If being an alpine paparazzi is your thing, it’s hard to beat hanging out at basecamp on the Southeast fork of the Kahilitna glacier in Alaska. The SE fork is the starting point for virtually all ascents of the Alaska Range’s big three: Denali, Mount Foraker, and Mount Hunter. On a busy evening in mid-May, one finds plane loads of guided West Buttress expeditions with their matching tents, private groups of gumbies trying to figure out how to light their stoves, and brooding alpinists sulking around “waiting for the forecast to improve”. Basecamp is to Alaskan climbing what Ellis Island was to American immigrants: a snowbound customs house where the journey ends and the climbing begins. It all makes for excellent people watching. 

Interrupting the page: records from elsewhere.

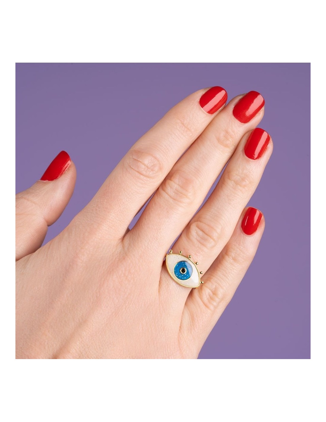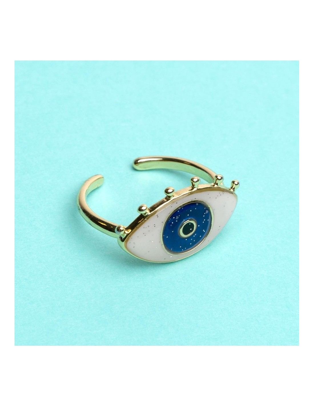 Un bijou original avec son bel iris subtilement pailleté, ajustable (convient à tous les doigts du monde) & plaqué or 5 micron, accompagné de sa petite carte “humeurs”.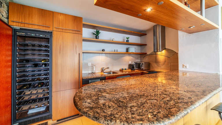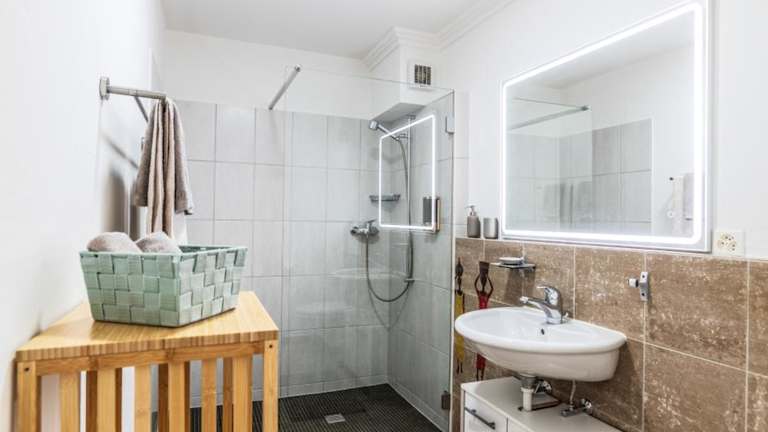 Die Ferienwohnung ist mit einer voll ausgestatteten Küche ausgestattet, die über einen Kühlschrank, Geschirrspüler, Ofen, Kaffeemaschine und Wasserkocher verfügt. Somit stehen den Gästen umfangreiche Möglichkeiten zur Selbstverpflegung zur Verfügung.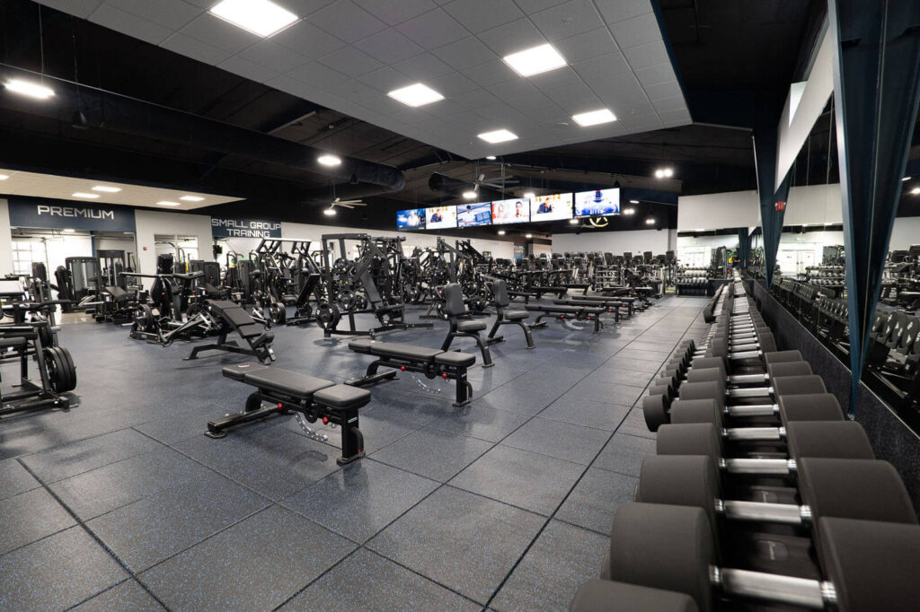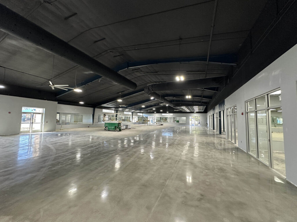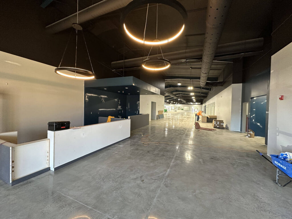 Polished and dyed concrete floors are used throughout, except for the locker rooms, which will receive tile flooring and walls. Padded monster tiles and rubber workout flooring will be installed in the high-use areas. There is also a large childcare facility, complete with study areas, play areas, and an infant nursery area. Big-screen TVs will decorate the walls and corners of the main floor.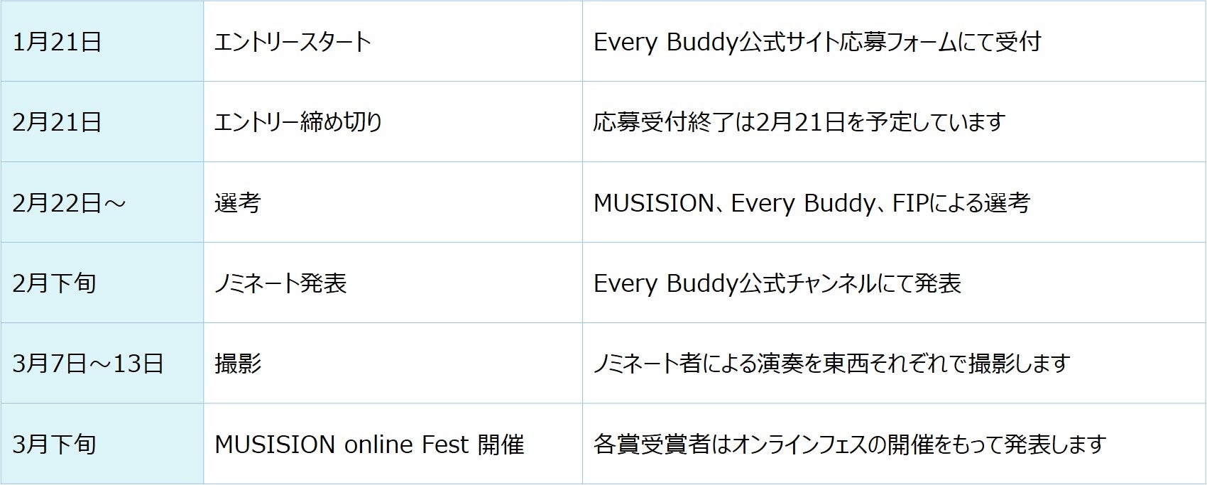 | 2022年6月30日 | エントリー受付スタート Every Buddy TouTubeチャンネルにて詳細テーマの発表 (URL:https://youtu.be/5QZSOvV1s-Y) |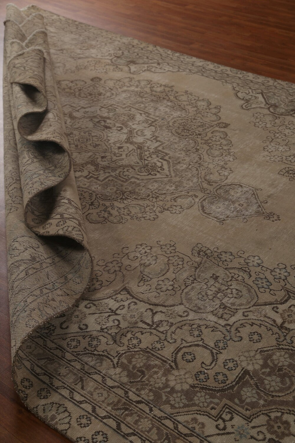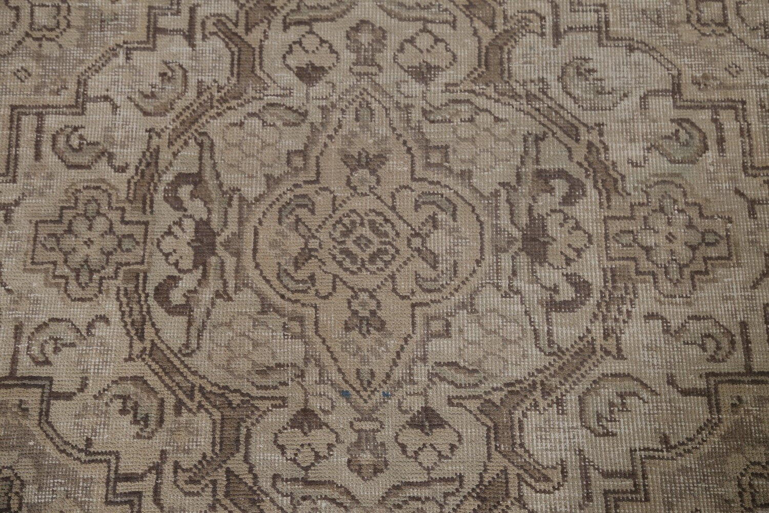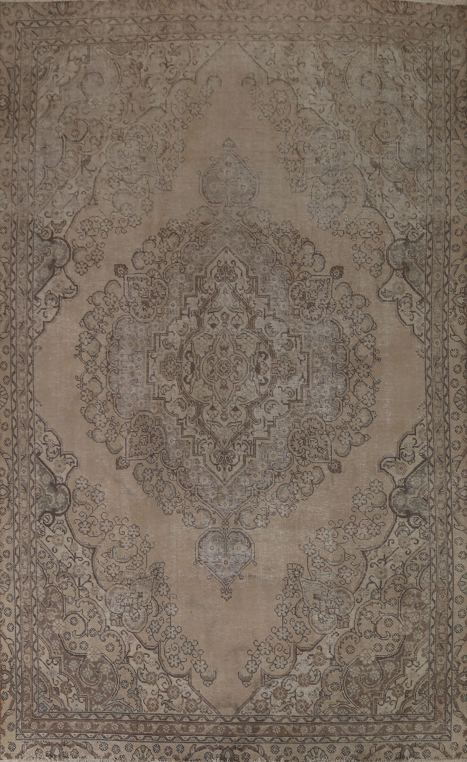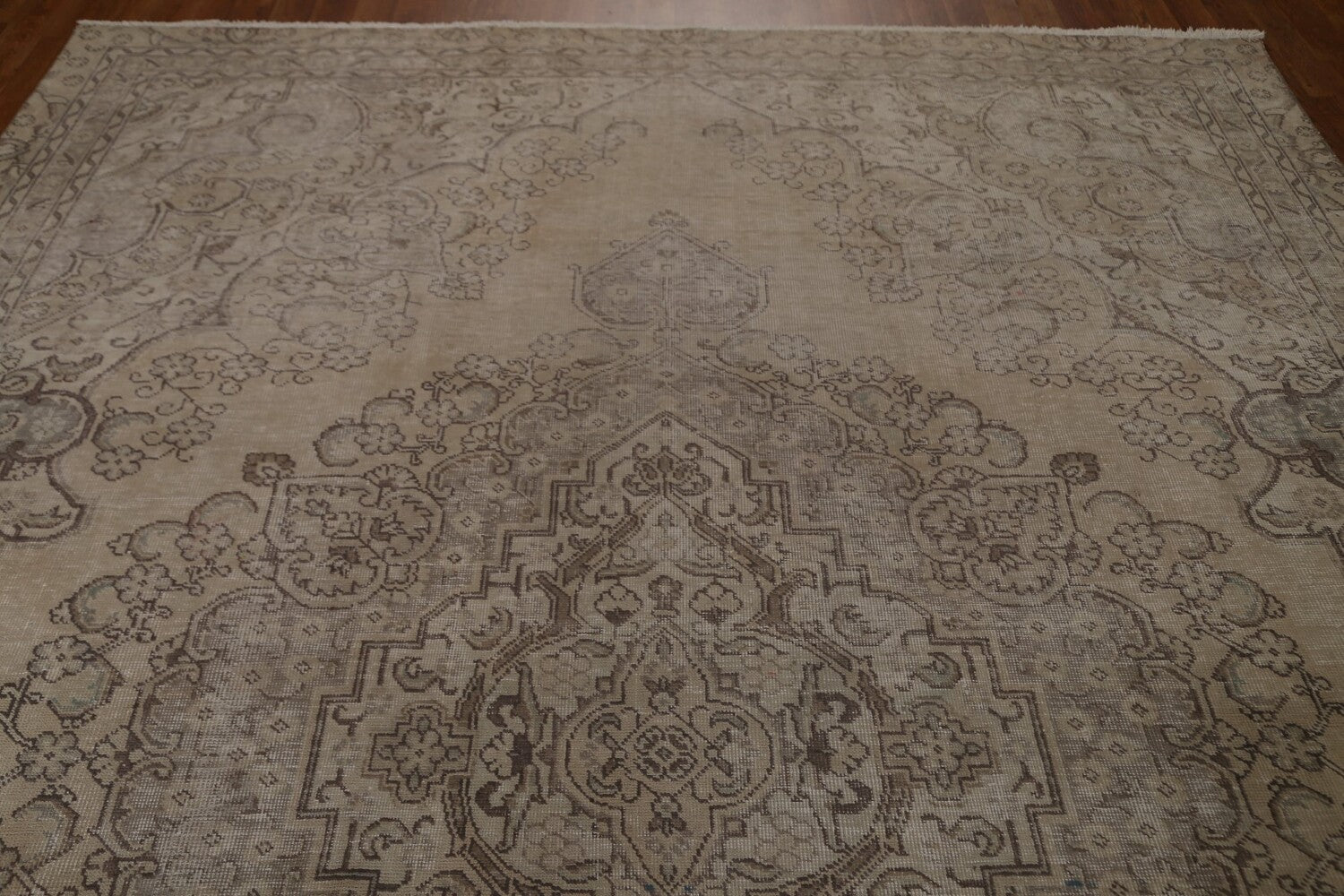 A Beautiful Genuine Persia ( Persia ) Tabriz rug is Hand Knotted by skillful weavers in Persia ( Persia ) with 100% Wool Material. This rug is in Very Good (Low Pile) condition. dimensions are 10' 11'' X 7' 9'' in foot and 333 X 236 in centimeter. the primary color is Beige & Ivories.

And nobody gets more scrutiny then those attempting the North Buttress of Mount Hunter, a gleaming turret of ice and rock only two miles from basecamp. Through the National Park Service’s high-powered spotting scope, you can sit back and watch a team’s every move. When Ben Gilmore, Max Turgeon and I arrived there two weeks ago, I immediately noticed a group of folks lurking around the scope and knew: somebody was up on the Moonflower Buttress. It wasn’t long before one basecamp gossiper filled me in on all the details: They were Japanese, a man and women, they had been up there for six days and had already sat out a storm low on the route. It looked like the pair was flipping leads and were moving really, really slow.